As environmentalists continue to battle the Keystone pipeline, Canadian oil companies are investing more in rail transportation as an alternative, the New York Times reported on Thursday.
A July derailment of a freight train carrying crude oil raised concerns about the dangers of rail transportation. Companies and the Canadian government say they are determined to get their oil to market, whether by pipeline or less safe means.
President Barack Obama and his State Department have repeatedly delayed a decision on approving the Keystone pipeline. Even if it is rejected, Canadian tar sands crude, which the pipeline would transport, will be carried to refineries and export terminals by other means.
Since July, plans have been announced for three large loading terminals in western Canada with the combined capacity of 350,000 barrels a day — equivalent to roughly 40 percent of the capacity of the proposed Keystone XL pipeline that is designed to bring oil from western Alberta to refineries along the Gulf Coast.
Over all, Canada is poised to quadruple its rail-loading capacity over the next few years to as much as 900,000 barrels a day, up from 180,000 today.
That increase comes even in the wake of a disastrous accident involving a Canadian train carrying crude oil.
Last month, a Canadian National Railway Company train carrying lubricating oil, ethanol and natural gas liquids between Winnipeg and Edmonton derailed in Saskatchewan, leading to a leak on farmland and well-publicized comments by Saskatchewan’s premier, Brad Wall, that the accident underscored the need for more pipelines to safely move petroleum products.
Perhaps recognizing these facts, some on the left have spoken out against environmentalists’ focus on Keystone. New York Magazine’s Jonathan Chait recently called the fight "a huge environmentalist mistake."

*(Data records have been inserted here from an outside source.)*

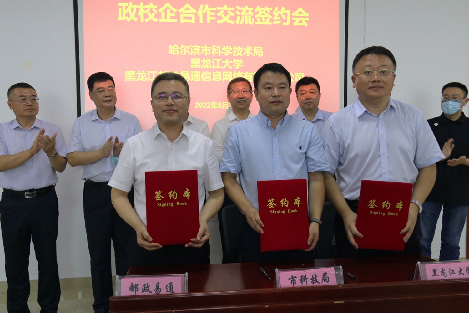 8月2日上午,哈爾濱市科學(xué)技術(shù)局-黑龍江大學(xué)-黑龍江郵政易通信息網(wǎng)絡(luò)有限責(zé)任公司政校企聯(lián)合人才培養(yǎng)協(xié)議簽約儀式在市科學(xué)技術(shù)局舉行,副校長(zhǎng)嚴(yán)明,哈爾濱市科學(xué)技術(shù)局局長(zhǎng)宋博巖、副局長(zhǎng)趙雷,中國(guó)郵政集團(tuán)黑龍江省分公司副總經(jīng)理邵沛,黑龍江郵政易通信息網(wǎng)絡(luò)有限責(zé)任公司總經(jīng)理?xiàng)钏奢x、副總經(jīng)理張瑜瑾出席簽約儀式。我校教務(wù)處、研究生院、科學(xué)技術(shù)處、電子工程學(xué)院有關(guān)負(fù)責(zé)同志以及哈爾濱市科學(xué)技術(shù)局、黑龍江郵政易通信息網(wǎng)絡(luò)有限責(zé)任公司代表參加了儀式,簽約儀式由市科學(xué)技術(shù)局副局長(zhǎng)趙雷主持。
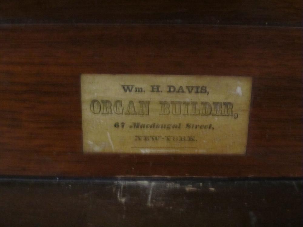 I examined the organ June 28, 2021. Other than the addition of a 1/6 h.p. Spencer Junior electric blower, (3" static pressure), the organ is in original and unaltered condition. The blower is installed in a metal box placed in a well to the side of the organ, accessed by lifting a hinged section of the floor-- there being no cellar under this portion of the building. The instrument is very well built from quality materials, including mahogany chest table and sliders. The pipework is beautifully crafted of substantial common metal, and the wood pipes are sealed with brick paint throughout. The faux-grained oak finish on pine is well executed by an experienced hand. The voicing is sweet yet fulsome . As of 2021, the double-rise reservoir and single-wedge feeder are still operating on original leather- remarkable. The church was built in 1801 with a three-sided gallery and barrel-vault ceiling. If it weren't for the carpet covering every square inch, the church would have excellent acoustics. At some point in the 20th century, the interior of the upper case was lined with thin sheets of homosote acoustical material.
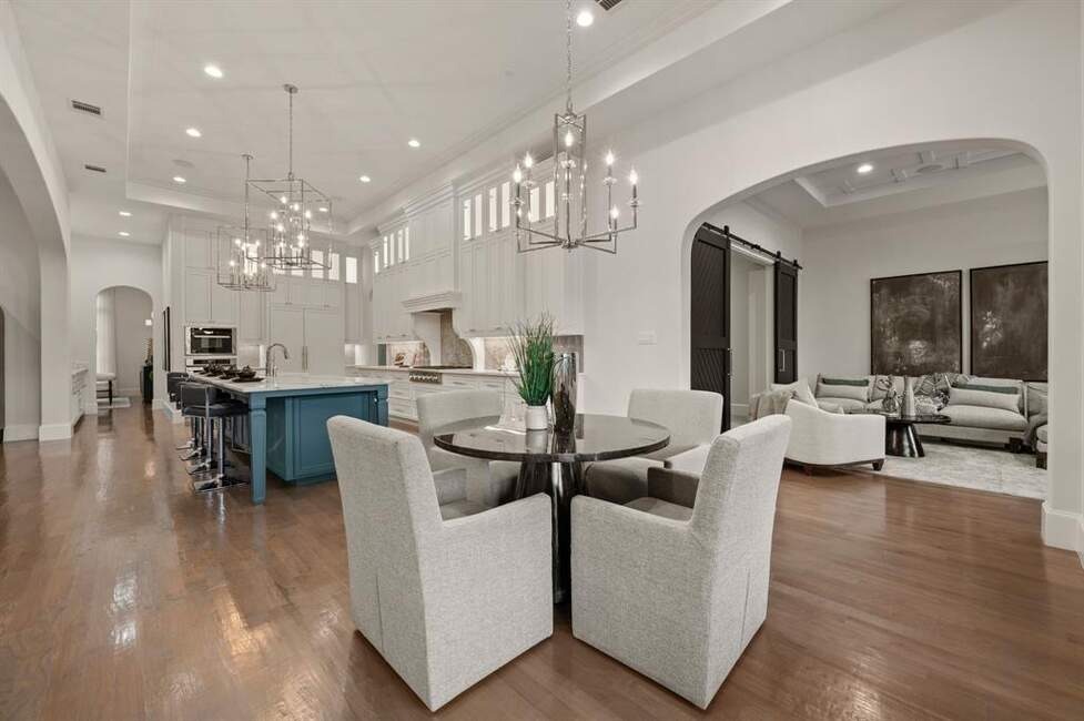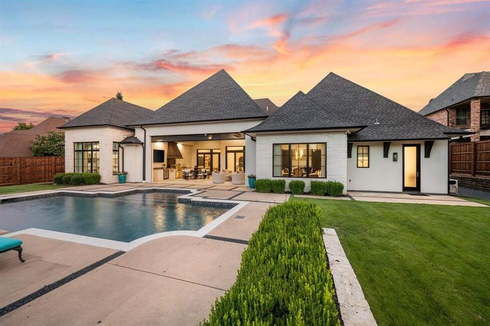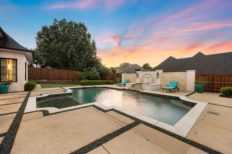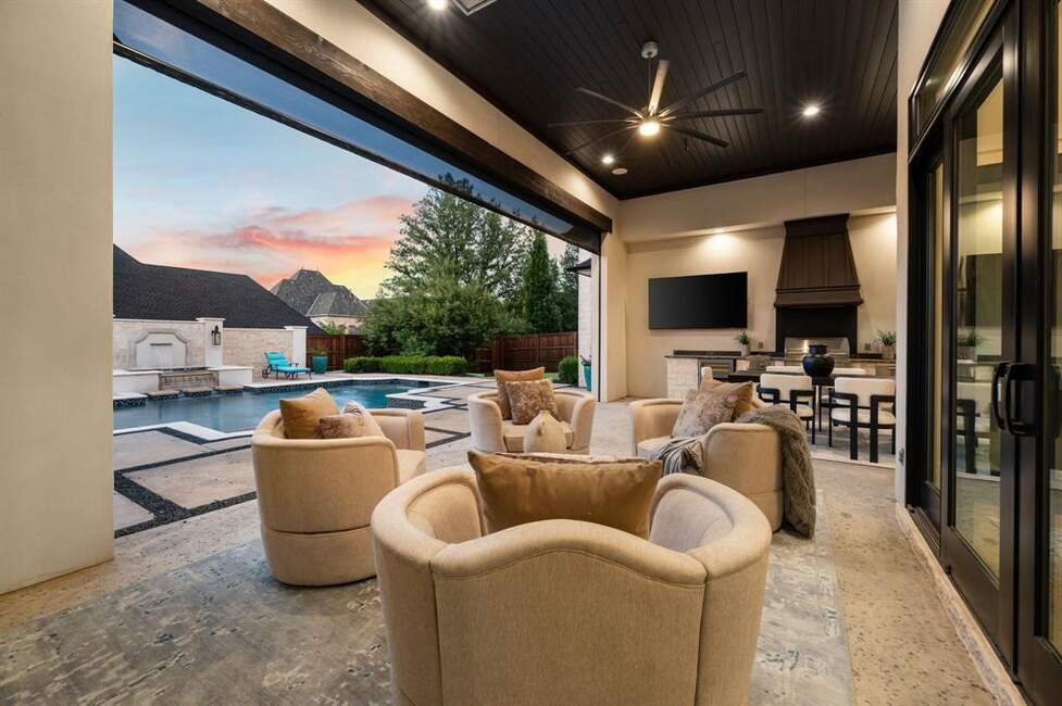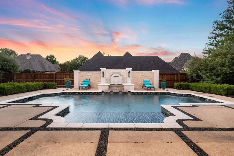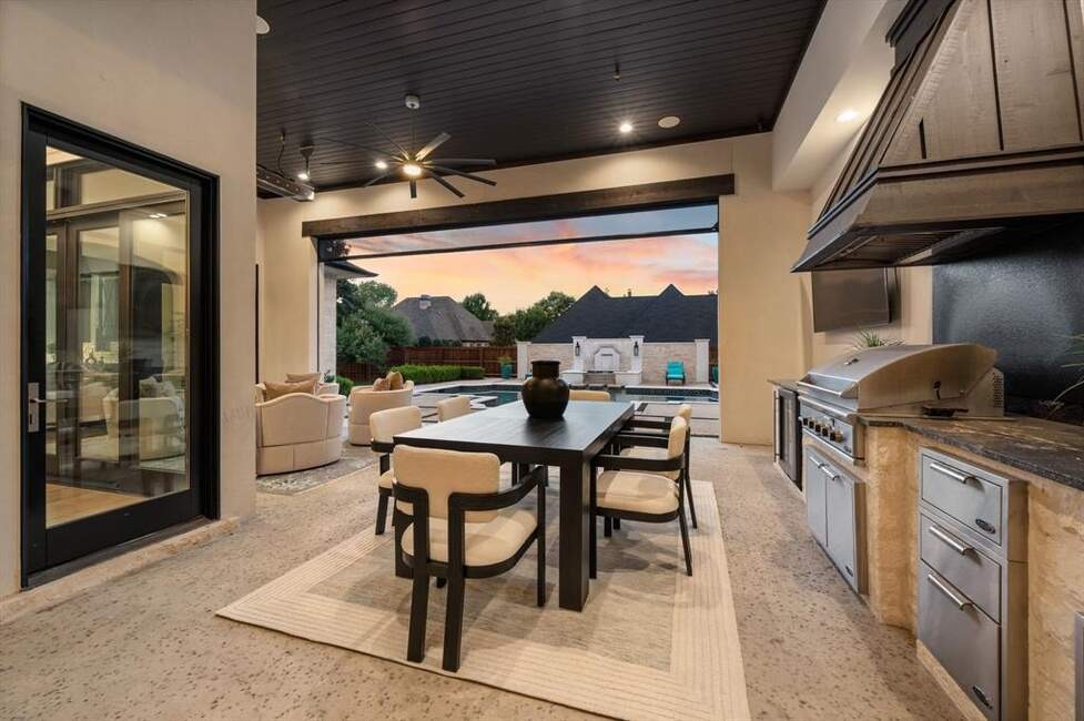 Must See! Stunning custom built home nestled on a quiet cul-de-sac in the heart of Colleyville! With 4 bedrooms, 4.5 baths, a private study, a media room, game room, and a rare 4-car garage, this masterpiece combines luxury living with functional design. From the unique French smear stone exterior to the dramatic 9-ft M2 Metals front door and gated driveway, every detail has been carefully crafted. Inside, a smart 3-way split bedroom layout ensures privacy, while the climate-controlled wine room, solid oak wood floors, custom designed ceilings, and nickel and brass designer lighting deliver timeless elegance throughout. The gourmet kitchen is a chef’s dream, featuring top tier Thermador appliances, custom in-set soft-close cabinetry, a stunning 14-ft Vermont Dandy marble island, and Lutron bridge light switches. Enjoy modern comfort with open-cell foam insulation for energy efficiency, Pella windows and doors with cast stone frames, and retractable window shades. Smart home features allow full control of the security system, garage doors, pool, spa, and sprinkler system right from your phone. With four wireless access points, built-in audio throughout, solid-core doors, and interior wall insulation for sound reduction, this home is as functional as it is stunning. Step outside to your private resort-style oasis showcasing a tranquil Watercrest-built pool and spa with Pentair smart control system, a covered patio with retractable recessed screens, ceiling heaters, fans, and a DCS-equipped outdoor kitchen with grill, stovetop, sink & beverage cooler.

"To an increasingly disillusioned environmental movement," environmental activist Bill McKibben writes in the Huffington Post, "Keystone looks like a last chance." It may be a last chance for the movement McKibben has helped lead — he has spent several years organizing activists to single-mindedly fight against approval of the Keystone pipeline — but Keystone is at best marginally relevant to the cause of stopping global warming. The whole crusade increasingly looks like a bizarre misallocation of political attention.